Researchers on the University of Illinois Urbana-Champaign (UIUC) have found that GPT-4-based AI agents can autonomously exploit cybersecurity vulnerabilities.
As AI models change into more powerful, their dual-purpose nature offers equal potential for good and bad. LLMs like GPT-4 are increasingly getting used to commit cybercrimes, with Google predicting that AI will play a big role in committing and stopping these attacks.
The threat of AI-powered cybercrime has increased as LLMs transcend easy prompt response interactions and act as autonomous AI agents.
In their paperthe researchers explained how they tested the flexibility of AI agents to use identified “one-day” vulnerabilities.
A one-day vulnerability is a security flaw in a software system that has been officially identified and disclosed to the general public, but has not yet been fixed or patched by the software's developers.
During this time, the software stays vulnerable and malicious actors with the suitable skills can make the most.
When a single-day vulnerability is identified, it’s detailed using the Common Vulnerabilities and Exposures, or CVE, standard. The CVE is meant to spotlight the specifics of the vulnerabilities that have to be addressed, but in addition inform the bad actors where the vulnerabilities are situated.
We've shown that LLM agents can autonomously hack fake web sites, but can they exploit real vulnerabilities?

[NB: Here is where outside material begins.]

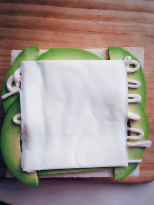 牛油果上挤一层蛋黄酱,然后铺上芝士片,盖上第三片白吐司即可。
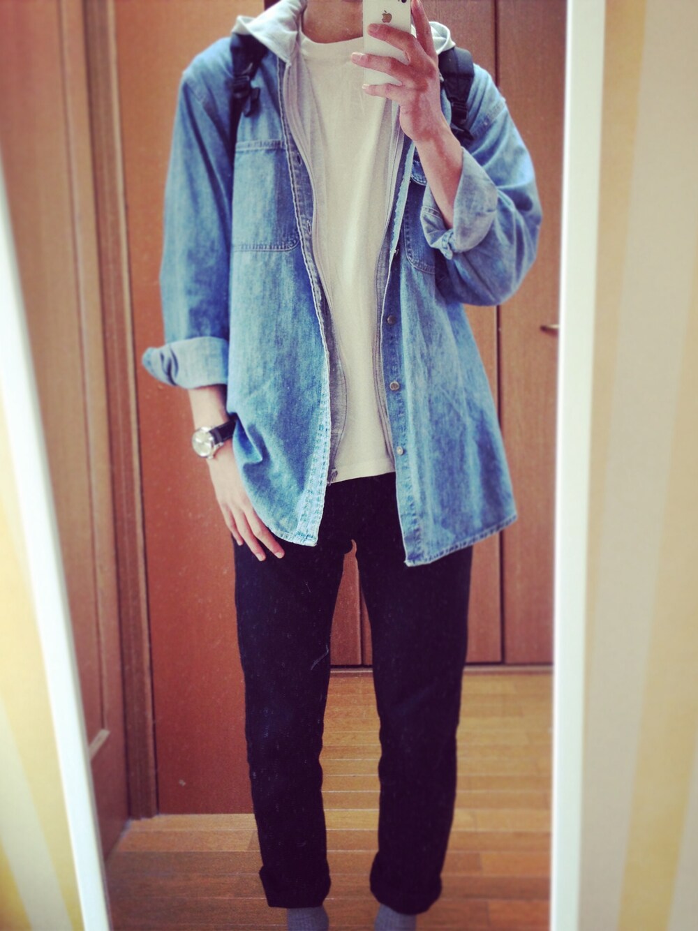 ブラック系のデニムパンツを着用したメンズの春コーディネートの1枚目の写真

We show that GPT-4 is able to real-world exploits where other models and open source vulnerability scanners fail.
Paper: https://t.co/utbmMdYfmu
— Daniel Kang (@daniel_d_kang) April 16, 2024
The experiment
The researchers have developed AI agents based on GPT-4, GPT-3.5 and eight other open source LLMs.

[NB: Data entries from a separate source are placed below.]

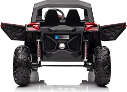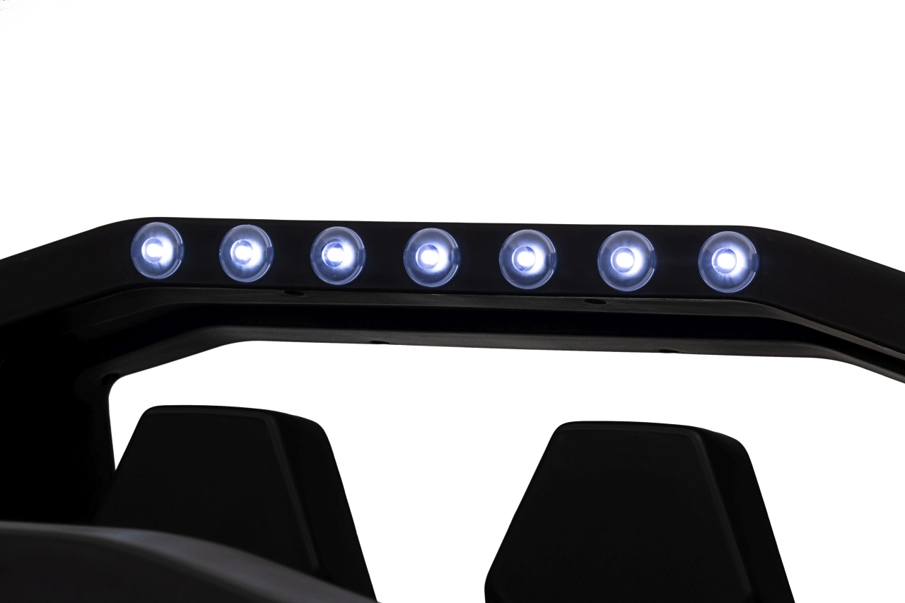 Dodatkowe wyposażenie obejmuje oświetlenie LED, możliwość podłączenia przez USB, MP3 i radio FM, co zwiększa frajdę podczas jazdy. Jeździk oferuje także otwierane drzwi z pasami bezpieczeństwa oraz wygodne, wentylowane siedziska z ekoskóry.
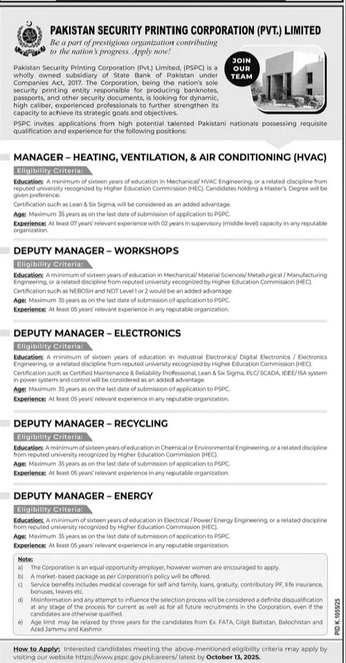 Pakistan Security Printing Corporation (Pvt.) Limited Seeks High-Caliber Professionals for Key Managerial Roles
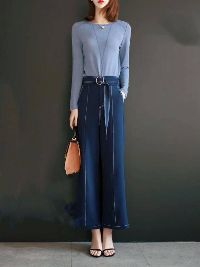 复古蓝的直筒裤搭配雾霾蓝上衣,上衣深蓝色的V字暗纹配合裤型上的白色封边线,打造了长裙才能带出的流畅感,适合喜欢裙装的职场女性,时尚干练又有裙装的温柔气质。

They gave agents access to tools, the CVE descriptions, and use of the ReAct agent framework. The ReAct framework closes this gap and allows the LLM to interact with other software and systems.
The researchers created a benchmark set of 15 real-world, one-day vulnerabilities and gave agents the goal of attempting to use them autonomously.
GPT-3.5 and the open source models all failed in these attempts, but GPT-4 successfully exploited 87% of the one-day vulnerabilities.
After removing the CVE description, the success rate dropped from 87% to 7%. This suggests that GPT-4 can exploit vulnerabilities once the CVE details are provided, but without this guidance it will not be excellent at identifying the vulnerabilities.
Implications
Cybercrime and hacking used to require special skills, but AI is lowering the bar. The researchers said creating their AI agent required just 91 lines of code.
As AI models proceed to evolve, the skill level required to use cybersecurity vulnerabilities will proceed to say no. The cost of scaling these autonomous attacks may even proceed to fall.
When the researchers calculated the API cost for his or her experiment, their GPT-4 agent cost $8.80 per exploit. They estimate that hiring a cybersecurity expert who charges $50 an hour would cost $25 per exploit.
This signifies that using an LLM agent is already 2.8x cheaper than human labor and is far easier to scale than finding human experts. Once GPT-5 and other more powerful LLMs are released, these performance and price differences will only increase.
The researchers say their findings “highlight the necessity for the broader cybersecurity community and LLM providers to consider carefully about how LLM agents will be integrated into defenses and the way they will likely be deployed widely.”